§ **The task**
Your copy starts at the line containing "伝説のあだ名 | 『不死鳥の竜騎士あおしまたつゆき』 |" and ends at the last line of the material below. Reproduce those lines exactly, with no pictures.

§ **Records shown**
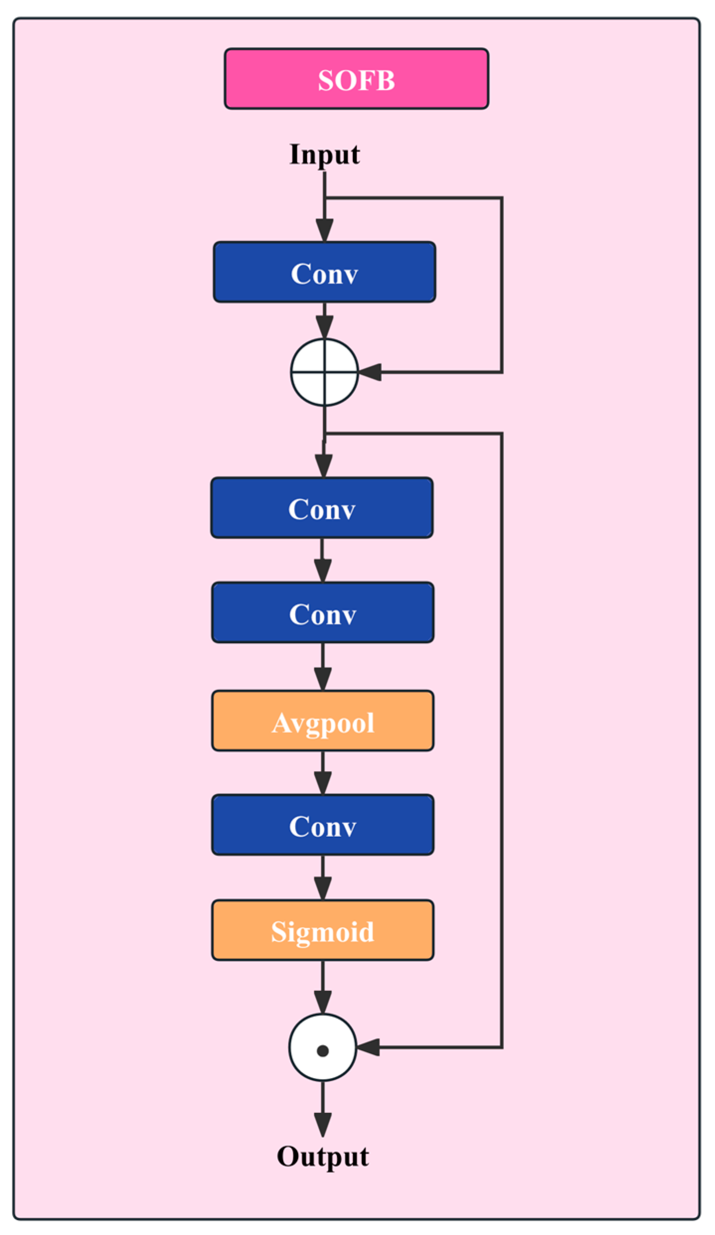 - SOFB (Small Object Focus Block): Strengthens the expression of micro-crack details through high-frequency enhancement and robust channel attention, thereby alleviating background-dominated statistics arising from sparse small targets, thereby achieving “micro-feature enhancement”.
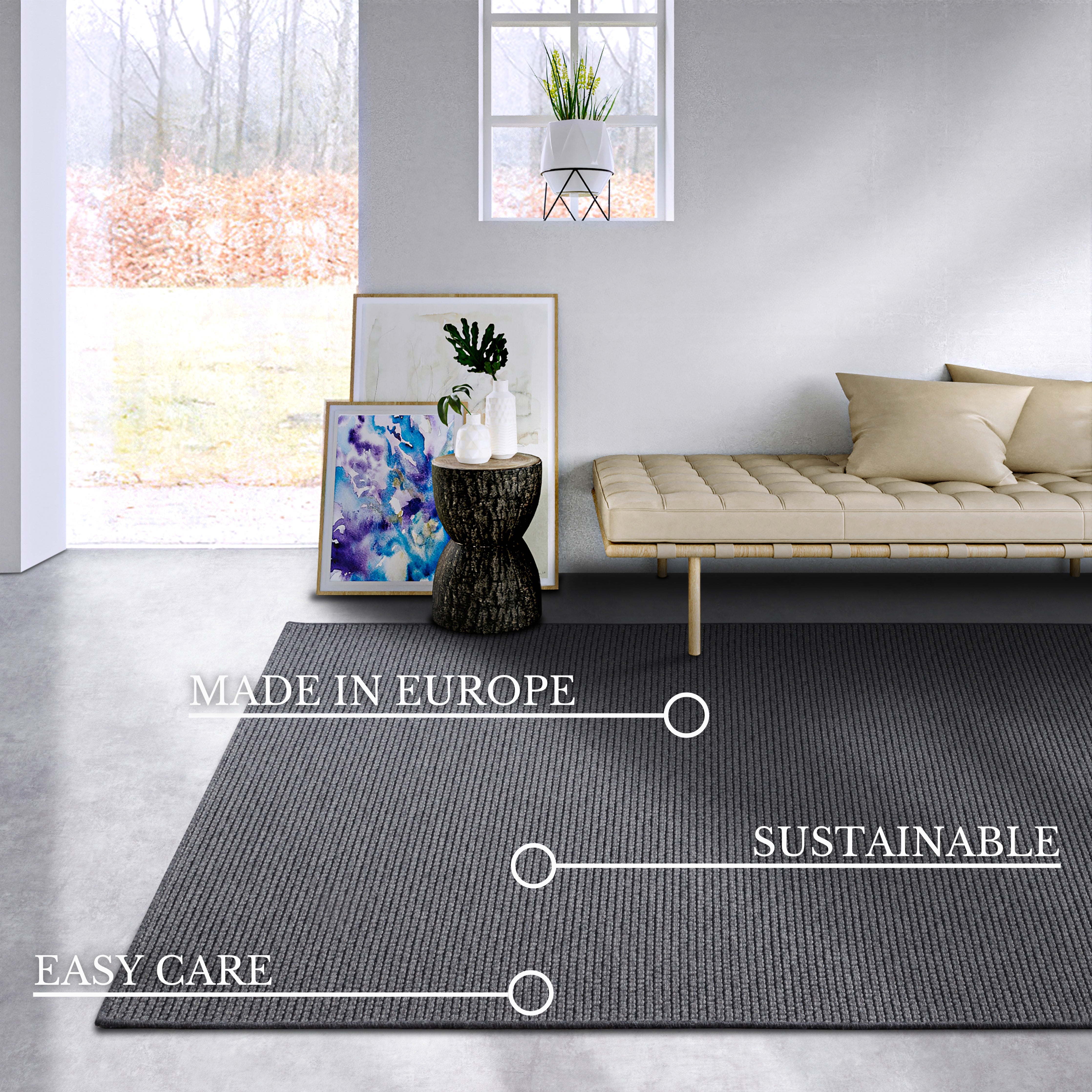 Dette tæppe er mere end bare smukt; det er også designet til at holde. Den slidstærke bagside, bestående af 51.4% polyester og 48.6% polypropylen (PP), giver tæppet stabilitet og forlænger dets levetid. Den naturlige uld er robust og nem at vedligeholde, samtidig med at den føles blød og behagelig under fødderne. Tæppet er også velegnet til gulvvarme, så du kan nyde den luksuriøse fornemmelse af uld året rundt. Hvert tæppe er unikt i sin farvesammensætning takket være de naturlige materialer, hvilket giver dit hjem et personligt præg af eksklusivitet. Det er fremstillet i Europa med fokus på bæredygtighed og naturlige farver, der passer til enhver indretningsstil.
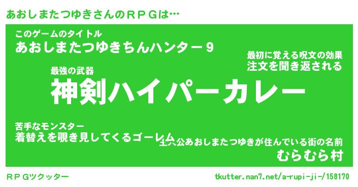 | 伝説のあだ名 | 『不死鳥の竜騎士あおしまたつゆき』 |
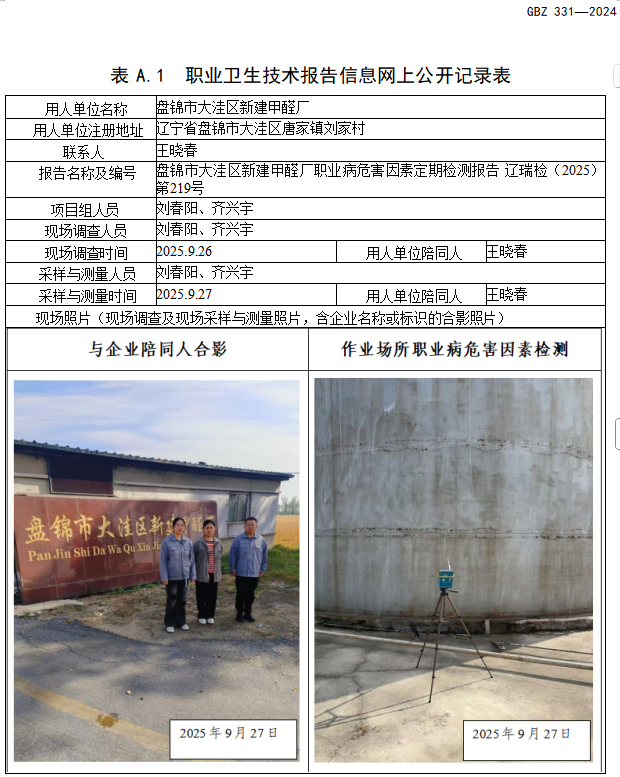 盘锦市大洼区新建甲醛厂职业病危害因素定期检测报告
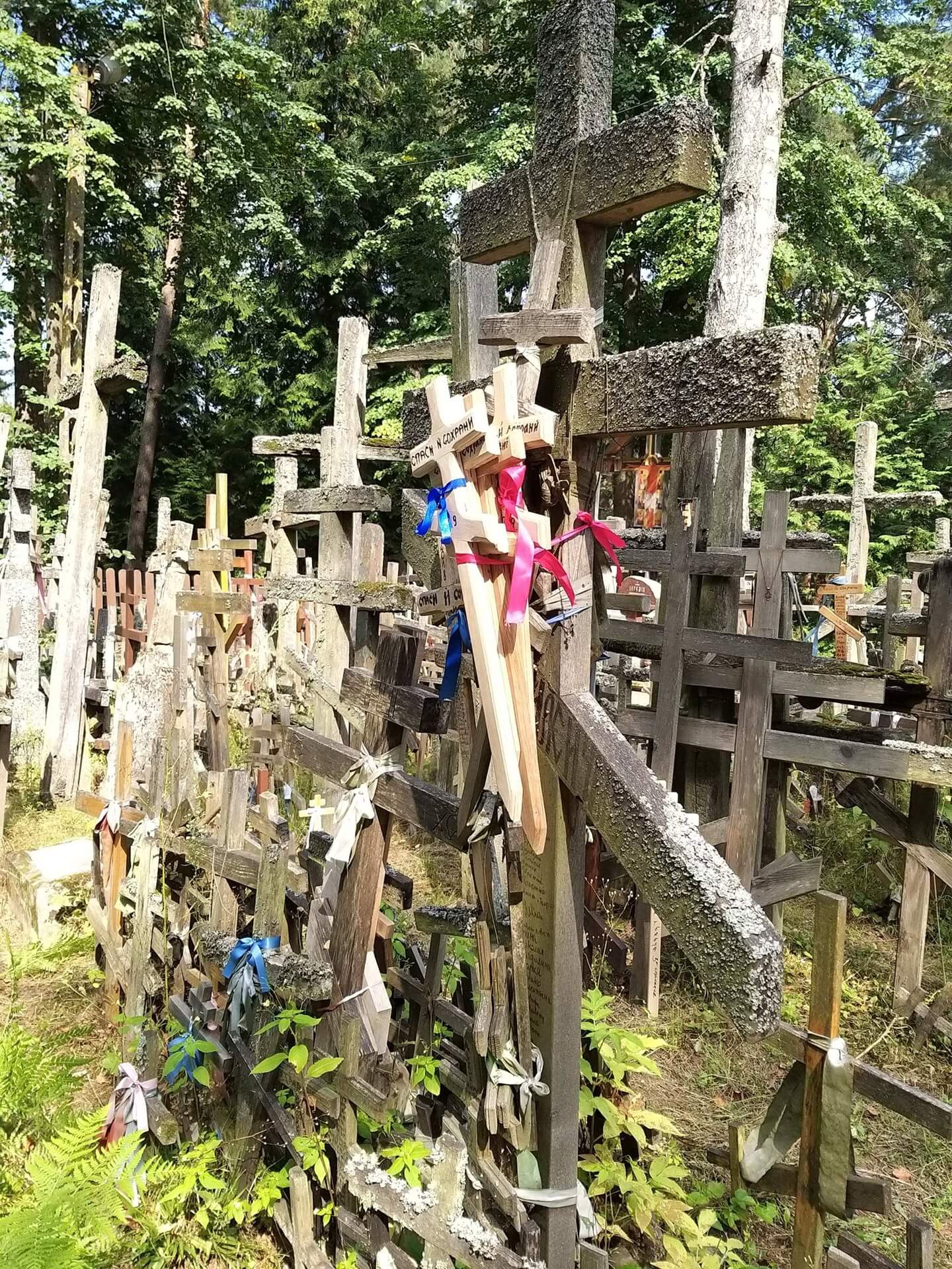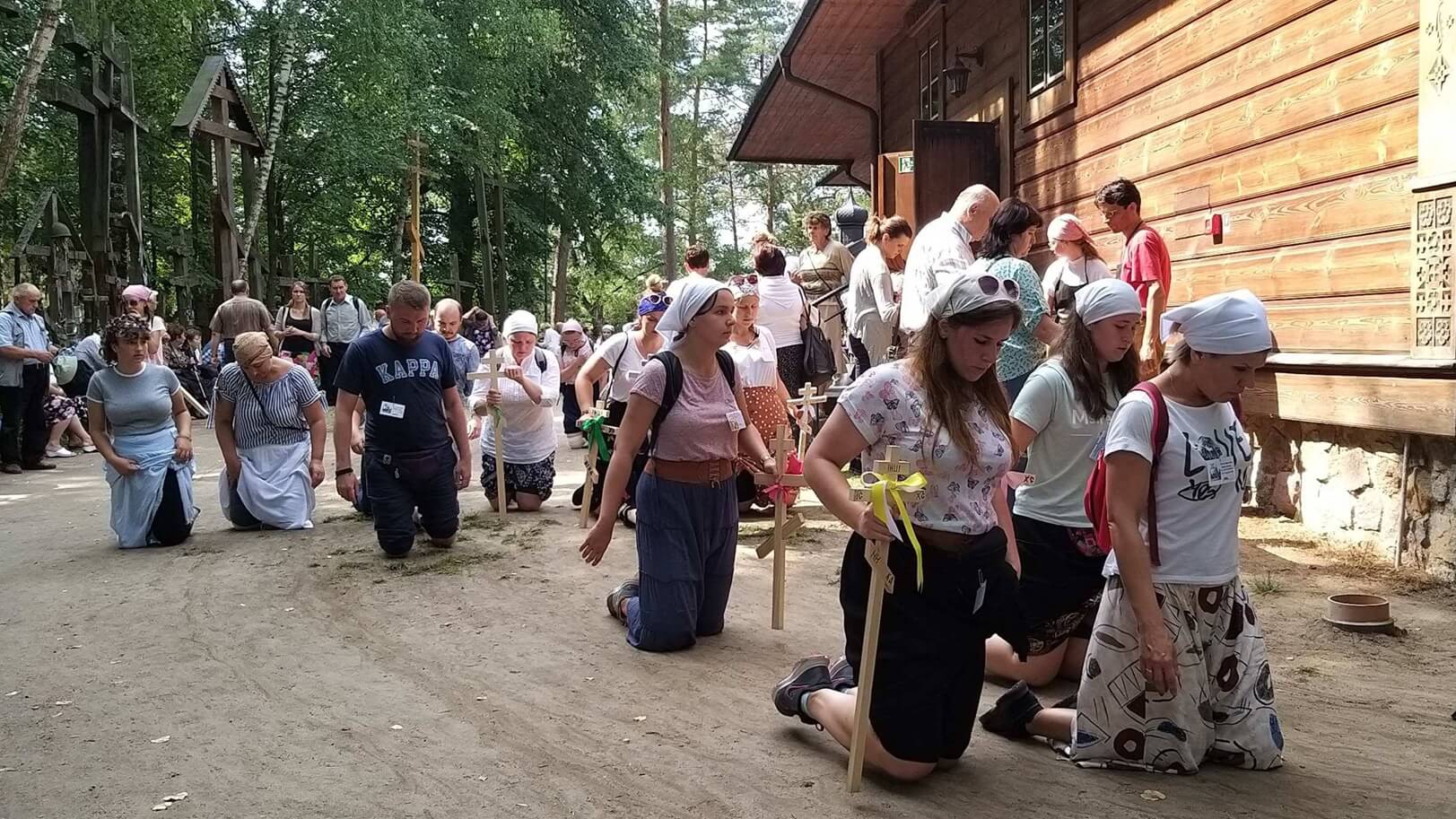 Ci pątnicy, którzy na Świętą Górę przynieśli we własnych intencjach drewniane krzyże, zostawiają je na wzgórzu. Kilkumetrowe krzyże, w trakcie wędrówki niesione na ramionach razem przez kilka osób, ustawiają zorganizowane grupy pątników.

§ **Task response**
 | 伝説のあだ名 | 『不死鳥の竜騎士あおしまたつゆき』 |
 盘锦市大洼区新建甲醛厂职业病危害因素定期检测报告
 Ci pątnicy, którzy na Świętą Górę przynieśli we własnych intencjach drewniane krzyże, zostawiają je na wzgórzu. Kilkumetrowe krzyże, w trakcie wędrówki niesione na ramionach razem przez kilka osób, ustawiają zorganizowane grupy pątników.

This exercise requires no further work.